Commissioner Mike Meador: “I don’t care what it says” about resolution detailing County management organization

Precinct 1 County Commissioner Mike Meador.

Conroe, February 28 – During discussion on February 28, 2017, during the Commissioners Court meeting, of the January, 2015, resolution which inappropriately placed the County’s management and organization under the supervision of County Judge Craig Doyal, Precinct 1 County Commissioner Mike Meador stated emphatically, “I don’t care what it says” because Meador wanted the power of running the County government consolidated.

The resolution passed in 2015 on a 3 to 1 vote. Clark was absent from the Commissioners Court meeting, so he did not vote. Noack voted against Doyal’s power grab. Doyal, Riley, and Meador voted for the resolution which apparently Meador has never read.

Article V, Section 18, of the Texas Constitution places the power and duty to run the County government under the entire Montgomery County Commissioners Court. At both the February 28 and February 14 Commissioners Court meetings, Precinct 3 Commissioner James Noack and Precinct 4 Commissioner Jim Clark jointly introduced a resolution to put the control over the County government back under the full Commissioners Court. Doyal has desperately clung to the power over all County Departments.
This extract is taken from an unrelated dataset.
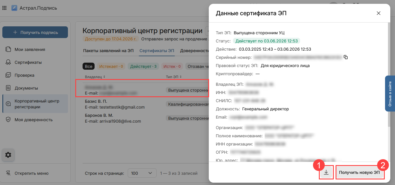 Чтобы посмотреть подробную информацию по загруженному сертификату, нажмите на сертификат в списке. Здесь можно скачать сертификат (1) и выпустить новую ЭП на основе выбранного сертификата (2):

Under Doyal’s so-called management, a difficult characterization since Doyal as the county judge only works a few hours per week, Doyal has demanded loyalty by County Department heads, such as County Human Resources Director Dodi Shaw, directly to him. Shaw complained in a February 13, 2017, letter that Doyal and his “chief of staff” jim fredricks have interfered with the work of the Human Resources Department, demanded loyalty to Doyal, and threatened Shaw as a member of Doyal’s so-called “Hit List” of County employees who supported his 2014 electoral opponent Mark Bosma.

Doyal’s management and operation of the County Departments has resulted in the following problems, among many others:

  • Rampant nepotism, particularly in the hiring of Charlie Riley’s wife for a new position Riley himself had created, in the hiring of Mike Meador’s brother to work inside of the Building Maintenance Department, and the attempted promotion of Doyal’s daughter inside the County Treasurer’s Department;
  • Conflicts of interest, particular with Doyal himself, who has made Halff Associates, Inc., a preferred vendor receiving millions of dollars of County road contracts, when Halff’s vice president and Conroe director, Bobby Adams, is Doyal’s business partner and best friend;
  • tens of millions of dollars of wasteful spending;
  • inefficient operational practices, because Doyal has failed to manage and has failed to require many County Department heads to manage their Departments as well;
  • secrecy regarding County operations from the public in violation of the Texas policy requiring governmental “openness” and transparency;
  • hiding a serious public health hazard inside the Montgomery County Courthouse as a result of poor demolition practices involving walls and ceiling tiles containing chrysotile 6 asbestos; Doyal’s and Building Maintenance Department Paul Case’s poor management has resulted in several employee exposures, several workers compensation claims, and potential danger to the public moving inside the Courthouse.

One of the reasons that Doyal, Meador, and Riley are clinging to the centralized management of the County rather than permitting the Commissioners Court to fulfill its duty under the Texas Constitution is because, at the insistence of the Texas Department of Transportation, the County adopted a “Code of Ethics,” a mostly empty-toothed policy under the enforcement of a powerless “Ethics Committee.” Under the current County management structure, Doyal will strongly influence the selection of four of the five “Ethics Committee” members and, arguably, all five, since County Auditor Phyllis Martin seems to work in lockstep with Doyal rather than independently.

Noack’s and Clark’s resolution failed on 2 to 3 votes both on February 14 and February 28. Noack and Clark have vowed to continue to offer the resolution to return management of the County Departments to the full Commissioners Court at every Commissioners Court meeting until the proposal passes.

In reality, Meador should “care” what the written resolution says which determines the manner in which this $381 million per year County operates. He’s derelict in his duty by announcing that he doesn’t.